A <- matrix(c(0.5, 0.5), nrow = 1L)   # spatial average
prior <- list(
  means       = list(c(0, 0), c(2, 2)),
  covariances = list(diag(2L), diag(2L)),
  weights     = c(0.5, 0.5)
)
# Observe an aggregate that points to the second cluster
fit_lin <- aggregate_downscale(y = 1.8, aggregator = A,
                               latent_prior = prior, sigma_y = 0.15)
fit_lin
#> Aggregate-likelihood downscaling
#>   method:        linear_closed_form (linear)
#>   components:    2
#>   sigma_y:       0.15
#>   posterior mean:  1.8,  1.8 
#>   posterior wts: 0.045, 0.955

The posterior mixture weights shift toward the cluster consistent with the observation (here, the (2, 2) cluster). The per-component posterior is exact (Kalman update) and the cross-component law-of- total-covariance is honest.

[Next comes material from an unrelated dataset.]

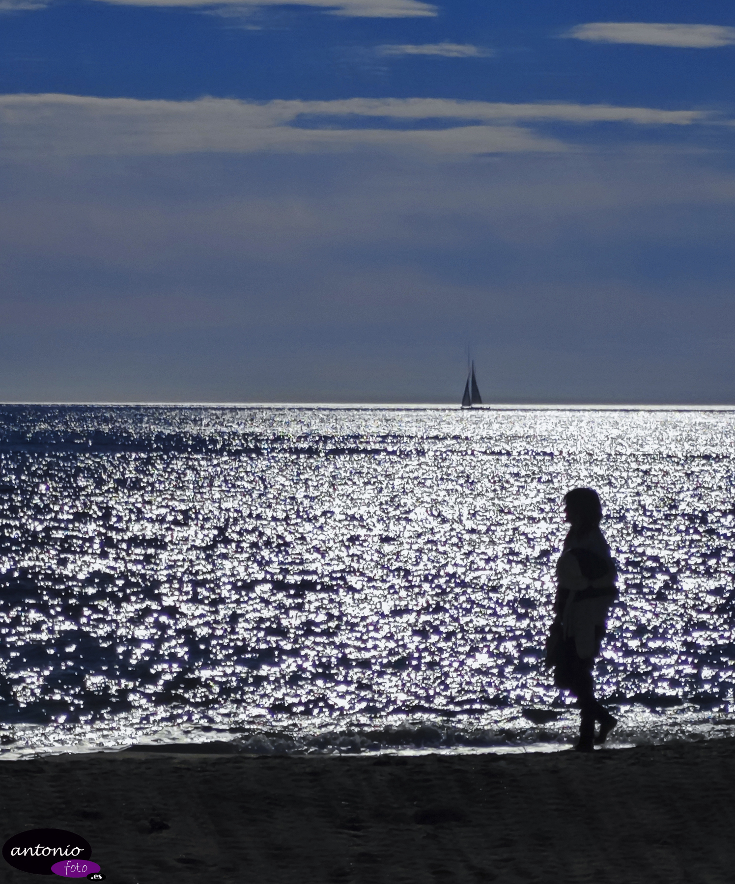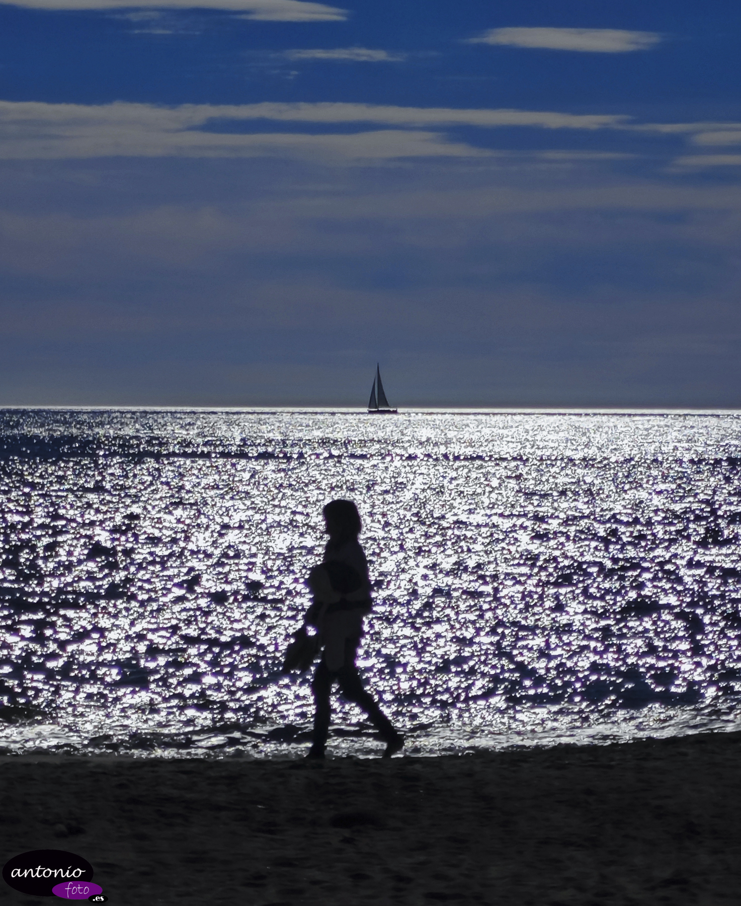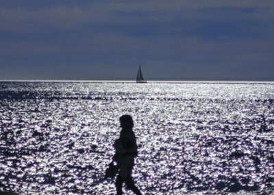 Por la mañana contraluces en la playa.

Non-linear example — a sinusoidal aggregator (sensor non-linearity):

agg_fn <- function(x) matrix(sin(rowSums(x)), ncol = 1L)
fit_nl <- aggregate_downscale(y = 0.5, aggregator = agg_fn,
                              latent_prior = prior, sigma_y = 0.1,
                              n_samples_per_component = 400L,
                              seed = 1L)
fit_nl$ess_per_component
#> [1] 53.49922 42.53140
fit_nl$posterior_mean
#> [1] 0.9601427 0.8983002

The per-component ESS is the reliability gate — if it collapses, the function warns and the posterior should be treated as exploratory. Draw posterior samples for downstream uncertainty propagation:

samples <- posterior_sample_aggregate(fit_nl, n = 500L, seed = 2L)
head(samples)
#>            [,1]       [,2]
#> [1,]  0.6648714  1.3170075
#> [2,] -0.2855020  0.9779909
#> [3,]  1.4959683  2.6373047
#> [4,] -0.1101655  0.1078616
#> [5,]  2.2575797  1.6941538
#> [6,]  0.3705832 -1.0080668

When to reach for aggregate_downscale()

  • Only aggregate observations are available (no paired fine-scale ground truth).
  • The aggregation operator T is known (spatial averaging, temporal averaging, sensor convolution, mass-balance constraint).
  • A parametric latent prior is available — e.g. from proxymix::fit_proxymix() on historical fine-scale data, or user-supplied from a domain model.
  • You want a closed-form posterior when T is linear, or a clean importance-sampling pass when it is not — without committing to

Pair with proxymix::fit_proxymix() (the canonical prior fitter) and PESTO’s manifest contract (the cross-package handoff) for the full APSIM → posterior-prior → downscaled-fine-scale chain.

Comparison

Aspect kernel_downscale() dist_regression() aggregate_downscale()
Training data Paired (coarse, fine) Bags + scalar/vector targets None paired; aggregate y only
Coarse-fine map Learned (regression) Learned (regression) Known (y = T(x) + eps)
Latent prior Implicit (empirical) Implicit Explicit (parametric GMM)
Closed form Yes Yes Yes (linear T) / IS (non-linear)
Multi-output Yes Yes Yes
Posterior uncertainty Point + ridge CI Point + ridge CI Full mixture posterior

References

  • Park, J., Muandet, K., Fukumizu, K., & Sejdinovic, D. (2013). Kernel embeddings of conditional distributions. IEEE Signal Processing Magazine, 30(4), 98-111.
  • Szabó, Z., Sriperumbudur, B. K., Póczos, B., & Gretton, A. (2016). Learning theory for distribution regression. Journal of Machine Learning Research, 17(152), 1-40.
  • Muandet, K., Fukumizu, K., Sriperumbudur, B., & Schölkopf, B. (2017). Kernel mean embedding of distributions: A review and beyond. Foundations and Trends in Machine Learning, 10(1-2), 1-141.